Note that numpy has its own functions (like np.sin, np.exp etc) that can take whole arrays component wise.  

   - Plot `n` vs `np.sin(n)` :   linewidth=3 and color blue
   - Plot `n` vs `-np.sin(n)` : linewidth=3,  linestyle =':' and color blue 
   - Plot `n` vs `cosine` of `n` : linewidth=3 and color red
   - Plot `n` vs `cosine` of `n` with an amplitude of `2` : linewidth=3, color red, linestyle=':'
   - add a horizontal line at y = 0 by plotting `n` vs. `0*n` : color gree, linestyle='--'
   - change the xlimits to go from 0 to the maximal value of `n`
   - Add axes labels : `radians`  and `amplitude`
   - Add a title
   - Add a legend that is outside the plot:  plt.legend(loc='upper right', bbox_to_anchor=(1.3, 1.05)).  You will need to add a `label` to each plt.plot call.
   - Save the plot to a file called Pset6_Exercise3.png


# 4. Scatter Plots

We can use `numpy arrays` to generate arrays with random numbers.

The below code generates 10 random `floats` from `0 to 1` and stores it as an array.

In [None]:
N = 10 # number of desired random floats. 

x = np.random.rand(N) # this numpy function creates an array of the given shape (N) 
 #and populates it with random samples from a uniform distribution over [0, 1).

print(x)

If we wanted random numbers between 0 and 20 we simply multiply x by 20

In [None]:
x_new = x*20
print(x_new)

We can use arrays with random numbers to generate `scatter plots`. We will use these plots later to plot tables of real data.

In [None]:
# let's define two arrays with 1000 random numbers sampled between 0 and 100
N = 1000
x = np.random.rand(N)*100
y = np.random.rand(N)*100

colors = np.random.rand(N) # This is another random list of 1000 numbers from 0 to 1 that 
                             # matplotlib will map onto a color table. 
    
area = (30*np.random.rand(N))**2 # randomly assigning area of each point. 0 to 15 point radii 

# Scatter plots 
plt.scatter(x, y, s=area, c=colors, alpha=0.5) # alpha indicates transparency of each point

plt.xlabel('x')
plt.ylabel('y')
plt.title('Scatter Plot')
plt.savefig('Pset6_ScatterPlot.png', dpi=300) # save the figure to a file, 


## Exercise 4.

a) Using the previously defined arrays x and y, plot only the largest points. 
Remember that x, y, area and colors are all arrays. To identify the largest points, you need
those points that satisfy the following conditional statement: 

( (area <= max(area)) &  (area >= max(area)/1.2))


This is a long condition and it would be annoying to have to write this out each time for each array. 

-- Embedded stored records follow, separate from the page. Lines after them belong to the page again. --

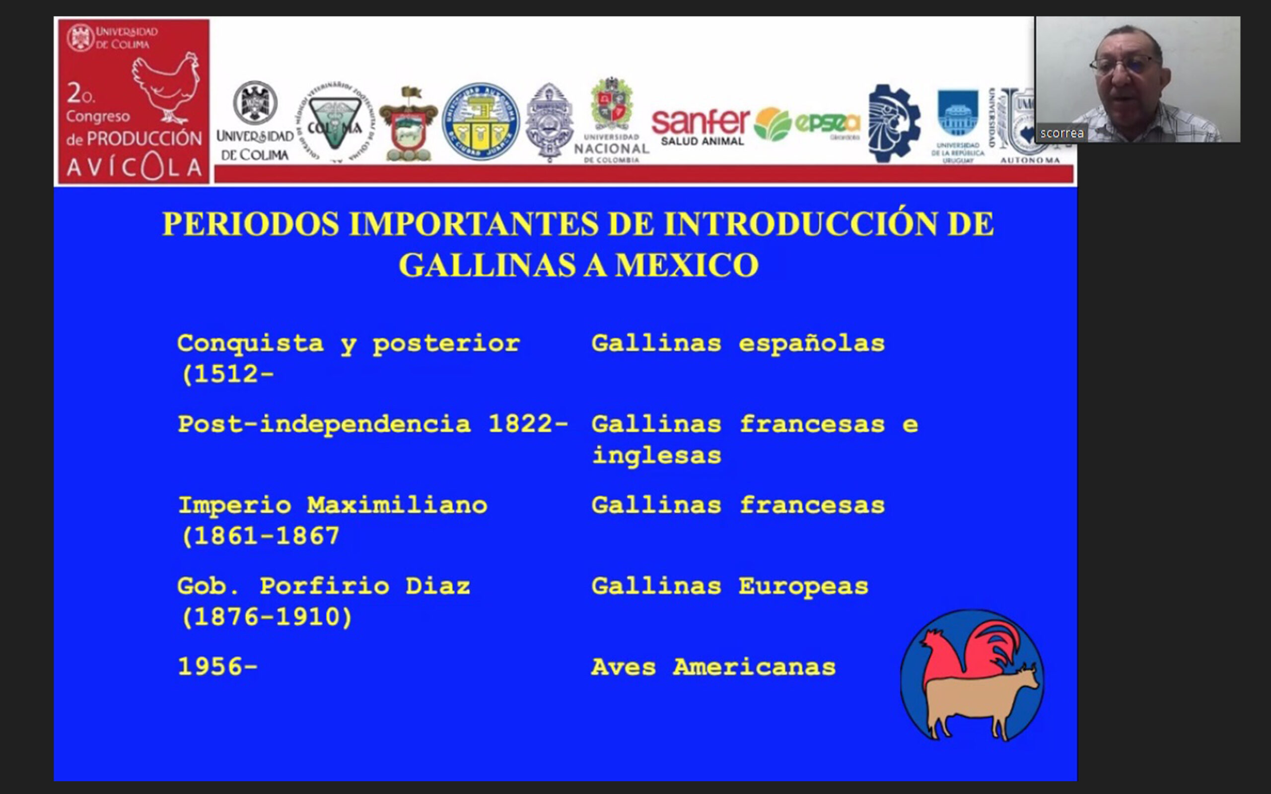 Con la conferencia “Genealogía y mejoramiento genético de las gallinas”, impartida por el Dr. José Candelario Segura Correa, del Campus de Ciencias Agropecuarias de la Universidad Autónoma de Yucatán (UAY), inició de manera virtual el segundo Congreso de Producción Avícola organizado por la Facultad de Medicina Veterinaria y Zootecnia (FMVZ) de la Universidad de Colima, campus Tecomán.
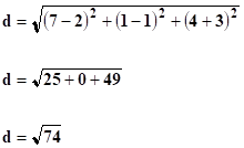 Encuentra la distancia entre los puntos (2,1,-3) y (7,1,4)
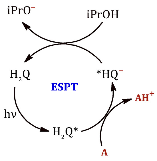 The formation of the 2-hydroxypropan-2-yl radical can be explained by a hydrogen atom abstraction from propan-2-ol by excited p-benzoquinone following a direct hydrogen atom transfer process (HAT), as illustrated in Figure 11 [46,47]. The hydrogen atom transfer (HAT) process is a key step involved in various chemical, environmental, and biological processes [48,49]. As reported by Manfrotto et al., the triplet state anthraquinone has the ability to abstract hydrogen atoms with high efficiency from alcohols, acetals, and even alkanes, thereby generating carbon-centered radicals [50].
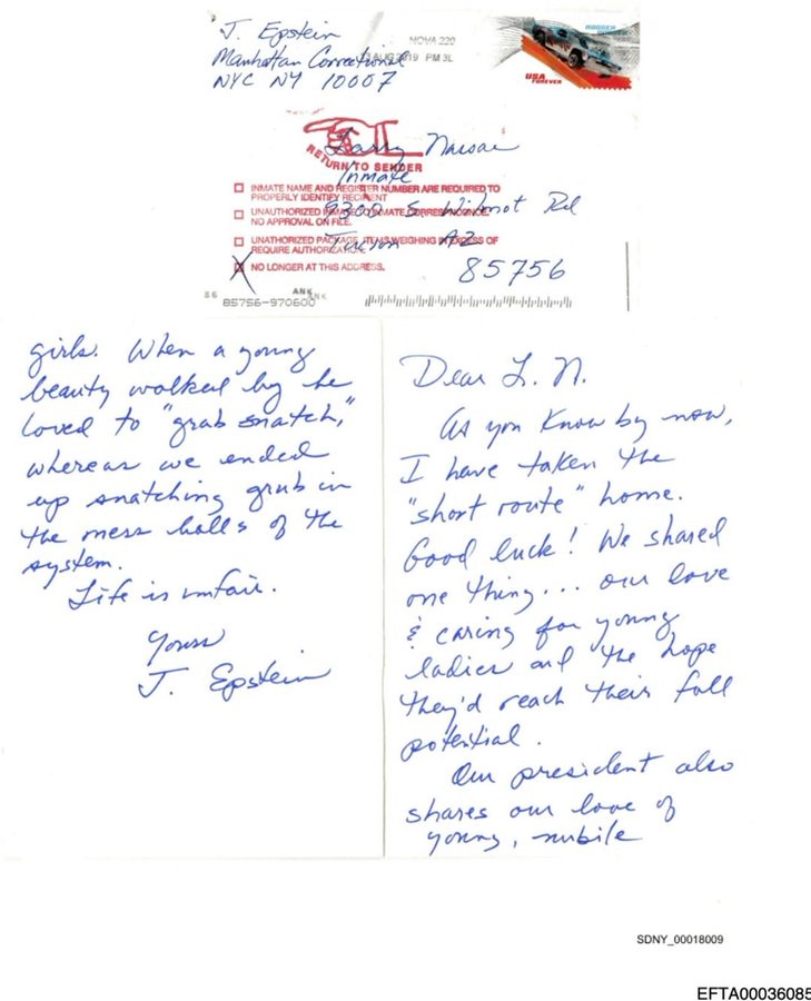 Among the most chilling artifacts resurfacing alongside DATA SET 8 is a handwritten Epstein letter to notorious pedophile Larry Nassar, effectively telling him that while Jeff and Larry didn’t get away with it, Trump did. Referencing:
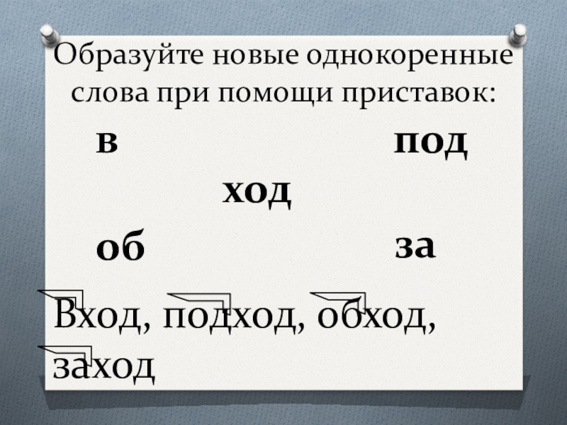Образуйте новые однокоренные слова при помощи приставок:ходзаобподвВход, подход, обход, заход
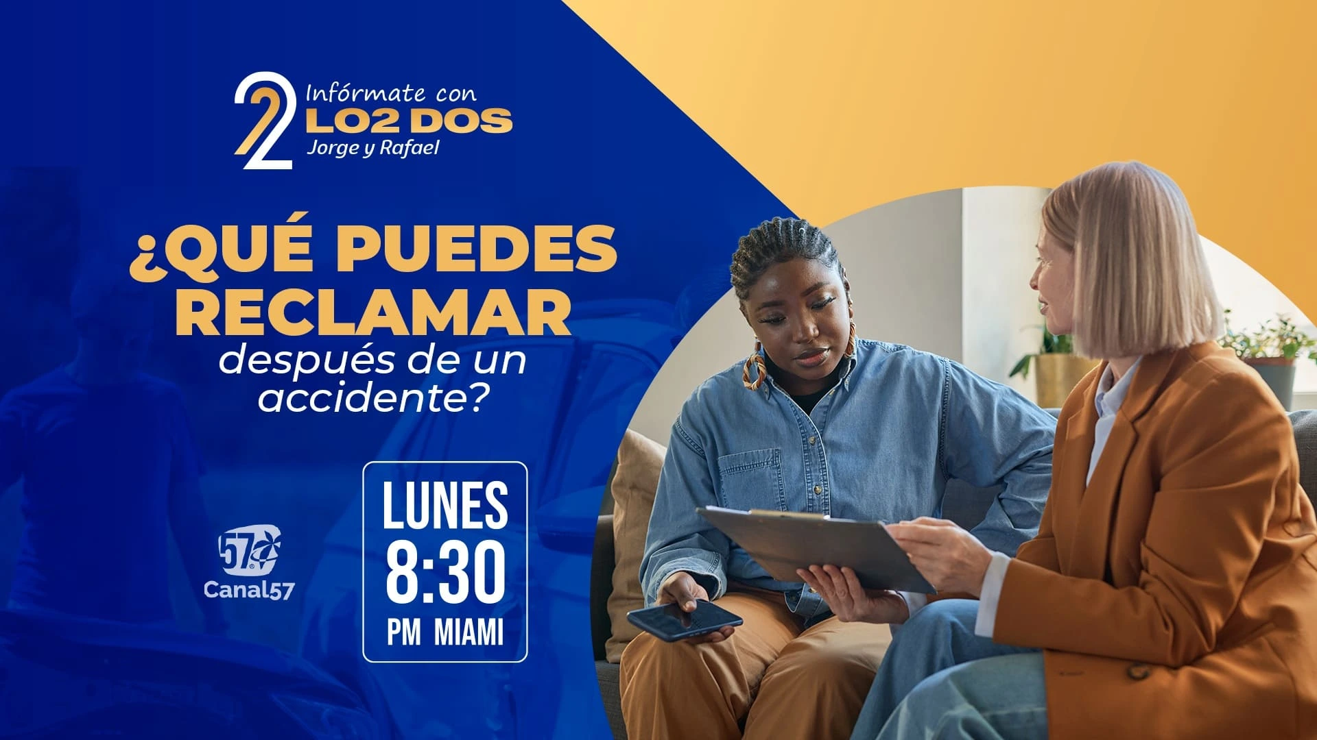 ¡Llegan al Canal57 los abogados Jorge Maxión y Rafael Roca, expertos en accidentes, con el segmento «Infórmate con lo2 Dos»!

Instead, `numpy arrays` have a special feature to allow you to store the desired index range as a variable: 

`desired_index = np.where(conditional statement)`

This defines an array `desired_index` that stores the indices of the original array where the conditional statement is true.  An example is shown below. Use this method to plot only the largest points. 


In [21]:
## Make sure you understand what is going on here: 

test = np.arange(1,21)
print(f"old test array {test}")

index = np.where( (test <= max(test)) & (test >= max(test)/2.0))
print(f"subset of test array: {test[index]}")

old test array [ 1  2  3  4  5  6  7  8  9 10 11 12 13 14 15 16 17 18 19 20]
subset of test array: [10 11 12 13 14 15 16 17 18 19 20]


b) Do the same as part (a) but now for the points with the smallest areas.  This doesn't need to be precise, but it should visually appear to only be small point sizes. 

Note that min(area) will be a small number, so to define an upper end to the range you may need to multiply that value by a large number. 

More information about plotting with matplotlib is found [here](https://matplotlib.org/index.html)

# Submitting Problem Sets for Grading

When you're done with a notebook, click "restart & clear all output" from the kernel menu and then "close and halt" from the file menu. Then to shut down the notebook server, go back to the original window where you started things up and type ctrl-C. You will be asked for confirmation, and if you type y, the server will then shut down.

**Change the name of the notebook to user_name_ProblemSet6.ipynb**

Submit the notebook on D2L

The problem set will be due before 5 PM the day before next class.